I'm intersted in learning more about the GERTboard at the bit-twiddling level!

I've done a lot of work on Arduinos and I've just put together a little "remote control" system to poke data to/from an Arduino over the (USB) serial line - so any Linux PC can talk to an Arduino (nothing new there), but via my little Library which emulates most of the Arduino "wiring" system - so a program running on the Linux host (and that'll be an RPi when I get my hands on one!) can do stuff like:

pinMode (2,1) // Pin 2 to output

digitalWrite (2, 1) // Pin 2 on

x = analogueRead (4) // Read analog input 4

and so on. This mimics code running natively on an Arduino, but in my case, I'm doing it from C and my BASIC on a Linux host, talking via USB/Serial to the Arduino.

So the idea I have is to extend it to being able to use the same system to poke the GPIO directly and noddle bits and stuff on a GERT board - add in an abstraction layer and off you go:

arduino = drcOpen ("/dev/ttyUSB0")

pinMode (arduino, 2, 1) // Pin 2 on the Arduino to output

digitalWrite (arduino, 2, 1) // Set pin 2 ON on the Ardunio

gpio = drcOpen ("GPIO")

pinMode (gpio, 3,0) // Pin 3 on the GPIO to input

y = digitalRead (gpio,3) // Read the state of pin 3 from the GPIO

gert = drcOpen("GERT")

pinMode (gert, 5, 2) // Set pin 5 on the GERT to PWM

digitalWrite (gert,5,1234) // Set the PWM coutner to 1234 on pin5 on the GERT

You get the drift. (hopefully!) So the essence is that from one high-level language there is a common interface to Arduino(s) over the USB serial line (or in-fact anything over the serial line that talks my 'drc' protocol), or directly to the on-board GPIO, or via the GERT board (who's interface I've yet to find out about!)

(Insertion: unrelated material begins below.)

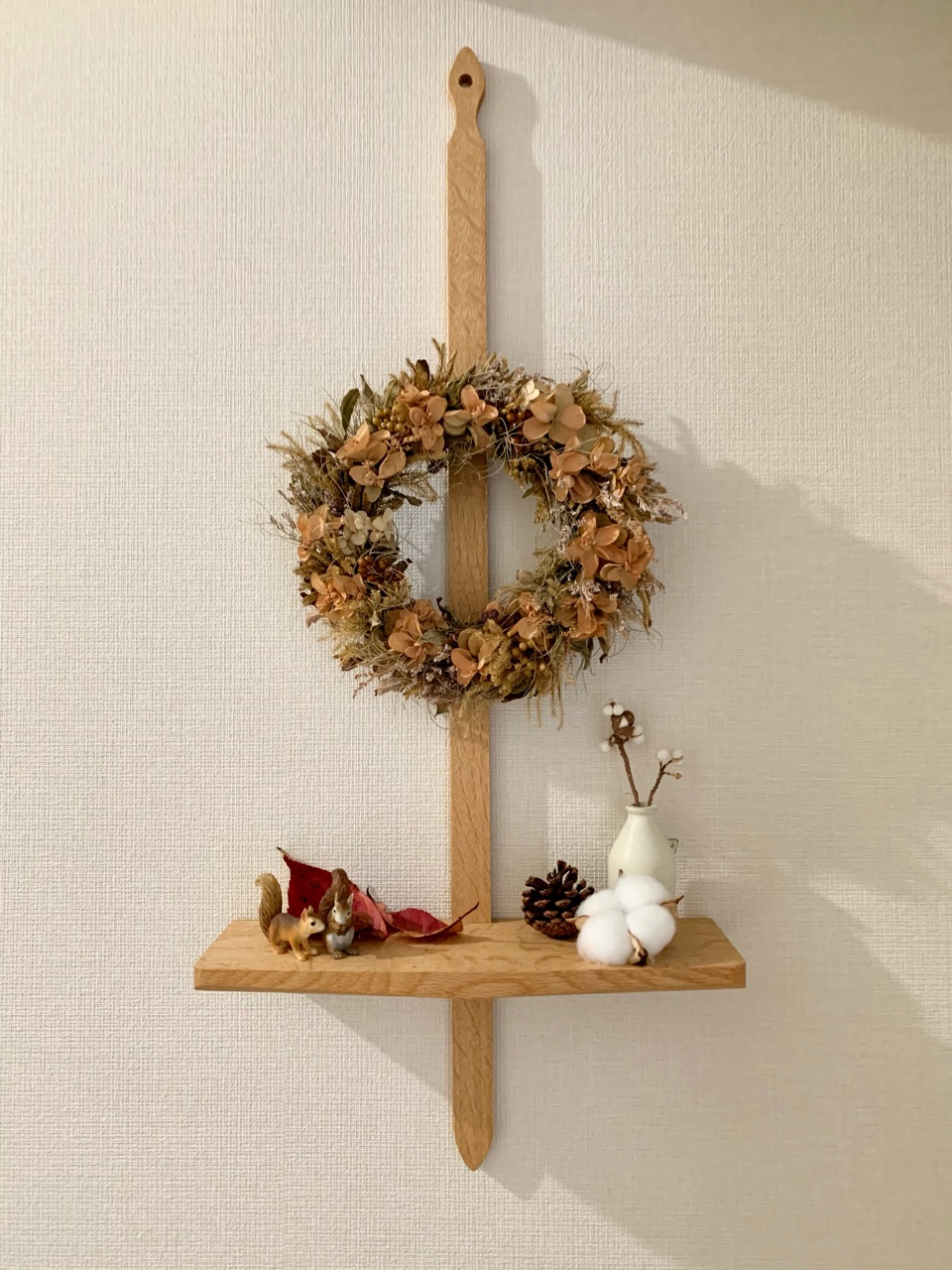 以前、リビングの壁に飾っていた飾り棚を、寝室に移動しました。

So the stuff I'm interested in is knowing the low-level interface between the RPi and the GERT, and also the possibility of putting my own software directly into the Atmel chip on the GERT (since it's the same chip as Arduinos?)

An example in BASIC - my Arduino test board has 10 LEDs connected to pins 2 through 11 (pins 1 & 2 are reserved for the serial line):

  100 ard = DrcOpen ("/dev/ttyUSB0")
110 FOR pn = 2 TO 11 CYCLE
120 PinMode (ard, pn, 1) // Set to output
130 REPEAT
140 //
150 FOR pn = 2 TO 11 CYCLE
160 DigitalWrite (ard, pn, 1)
170 WAIT (0.2)
180 REPEAT
190 FOR pn = 2 TO 11 CYCLE
200 DigitalWrite (ard, pn, 0) // Turn off
210 REPEAT
220 END


So that lights up the LEDs, one at a time, then turns them all off more or less instantly.

When I get some time I'll be publishing all this (GPL), so someone can take the C libraries and apply them to Python or whatever they want to (Python's not really my thing) the actual protocol down the serial line is very simple - 2 bytes to set a bit, 4 bytes to set a PWM value and 4 bytes (2 out and 2 in) to read an analogue port, so super-fast it's not going to be but at 115200 baud, it's over 5000 bit set/resets a second and over 2500 analogue reads a second (which is actually faster than the arduino can handle)

So, GERT board technical details please :-)

Gordon

One of my Arduino test-beds:

Arduino test bed 1



This is the kind of stuff I would also like to do, so looking forward to your published code. I have built a few arduino projects of my own, but am a Linux newbie. I am also keen to learn Python, and disappointed that the hardware level coding has so far been done in C, and not the prefered RPi programming language, however there may be technical reasons why C has had to be used.

In the mean time I have dedicated a spare hard drive in my main PC and installed Debian on it to play around with. Which Basic are you using, so I can play with your code?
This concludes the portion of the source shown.